Can’t help but wonder where I’m bound

Troll.jpg
Another picture from the ethnic minority park in Shenzhen. I leave for the airport in a few hours for the arduous flight home. I figure it will take about 26 hours door-to-door, although this includes a fairly long stop in Detroit (and it may take longer than that, because it includes a fairly short stop in Tokyo).

Today I gave a guest lecture to a research methods class for first-year graduate students. Ive alternated between giving talks in English and reading talks in Chinese for the last few years and I havent been satisfied with either approach. So today I decided to try to give a talk in Chinese in the way that I would were I doing this in the U.S., switching to English whenever I needed to.

I decided to begin by talking about the question of how you decide what kind of research is worth doing. I suggested that they do something that I did in graduate school and found very enlightening, which is to go and read journal articles in their area from various periods in the past; long enough ago that the trendy, frothy stuff has disappeared, and they think about what is still interesting after a period of time. I argued that some paradigms that are very clever and complicated are nonetheless bound to be ignored in the future. A good example is the discrimination shift research, which was quite popular from the 1950s-1960s. In this paradigm, subjects choose one of two alternatives and are rewarded for right answers. At some point, the rules change, either as an intradimensional shift (i.e., LARGE was right before and now its SMALL) or as an extradimensional shift (i.e., LARGE was right before and now its RED).
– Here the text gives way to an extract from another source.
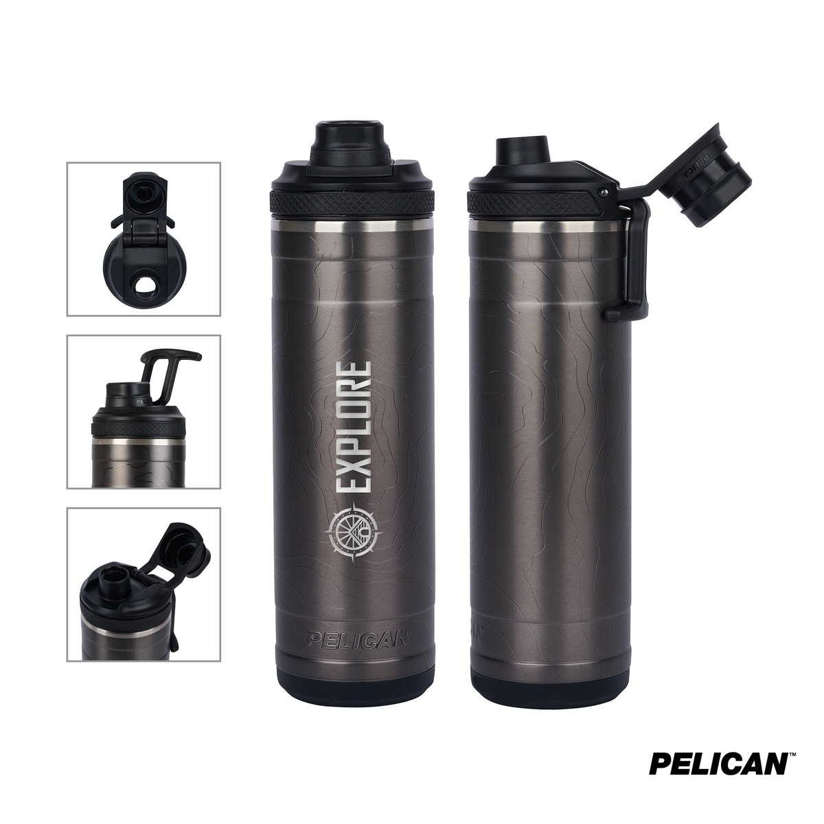 Elevate your everyday hydration with the 26 oz. Pelican Pacific Chug Water Bottlecrafted for performance, convenience, and a modern, rugged aesthetic. Built from 90% recycled 18/8 stainless steel, its double-wall vacuum insulation and copper lining help keep drinks ice-cold for up to 24 hours. The functional chug spout and screw-top lid with a tethered cap make it easy to drink quickly without removing the entire lid. Designed for life on the move, it features a T-bar swing handle for effortless carrying or attaching to a bag. A removable silicone base cushions the bottle against drops and hard surfaces while enhancing grip. Finished in a metallic gunmetal color with an embossed 3D topographical design, this bottle combines durability with bold style. It fits most car cup holders and is both BPA-free and FDA compliant. Complies with Prop 65. 3 1/4" W x 11" H x 3 1/2" D

For adults and monkeys, intradimensional shifts are easier than extradimensional shifts (presumably because theyre learning rules). For preschoolers and rats, its the reverse (presumably because theyre learning items, and half the old items are still correct in extradimensional shifts versus none in intradimensional shifts). But, it was never clear what this told you about learning that might apply to the kinds of things that people actually learn.

So, my argument was, that they should choose issues that 1) involved something that made a real difference in peoples lives (e.g., how well you can read has profound consequences; so does whether you get married or not), and 2) try to study it in ways that preserves as much as possible of the phenomenon in its natural state.

So this led nicely into presenting SMIL and Sujais wonderful examples, the subtitled U.S. small-group method video and some results from the first viewing study, and the developmental eye-tracking reading study.

I talked for about an hour and then there were questions for about half an hour. I had trouble with questions asked in Chinese, I think in large part because people get excited when theyre asking questions and talk really fast, but the questions were very good.

Then I had lunch with Shu Hua and Dong Qi, and discussed the development of the school of psychology here, and the university in general. We passed by a scale model of the campus, and Dong Qi told me that theyre in the process of building a new, larger campus in the Bei Sha Tanr area, north of the Institute of Psychology and just West of the Olympics area. Psychology will stay in the current campus, but may be able to expand here. As it is, the psychology program has taken over a remarkable proportion of the Ying Dong building, and theyre in the process of doing a very nice remodeling job for the research labs. I saw the new eye-movement rooms, and look forward to working there next time I come.

Theyre also investing in new methods at a ferocious rate. There is going to be a 3 Tesla fMRI magnet in the first floor of the building, probably when I return, and theyre pumping out fMRI research at a terrific rate. Its an interesting place, and one where the connection between research and practice is much closer than in the U.S. Dong Qi and his collaborators set up a bilingual elementary school and so can study the course of second language acquisition in a way thats hard to imagine doing otherwise.

I went to visit Fang Ge and took taxis both ways, which I’ve done little of this trip. On the way over, the driver was someone who’s been driving in Beijing for more than 20 years, which is very anomalous (almost all cab drivers are people who’ve been “xia ganged” or laid off, relatively recently). I enjoyed talking with him, and he claimed that my Chinese was comparable to the famous Canadian Da Shan (Lin Da’s friend), and wanted to know if I knew him. A few minutes later I went into a bookstore and saw a life size blow up of Da Shan next to a Chinese-English dictionary he’s touting. If it really is life size, he doesn’t quite live up to his name. On the way back, the cabdriver was a young man who taught me some useful driving phrases, such as “sha3 lv2”—stupid donkey and then we discussed comparable phrases in English. He also wanted to know about the English word “ho” and we had a discussion about dialect differences in English.

I need to finish getting packed, so Ill stop here and call it a trip.

This was an interesting and productive trip, but it will be very good to get home again.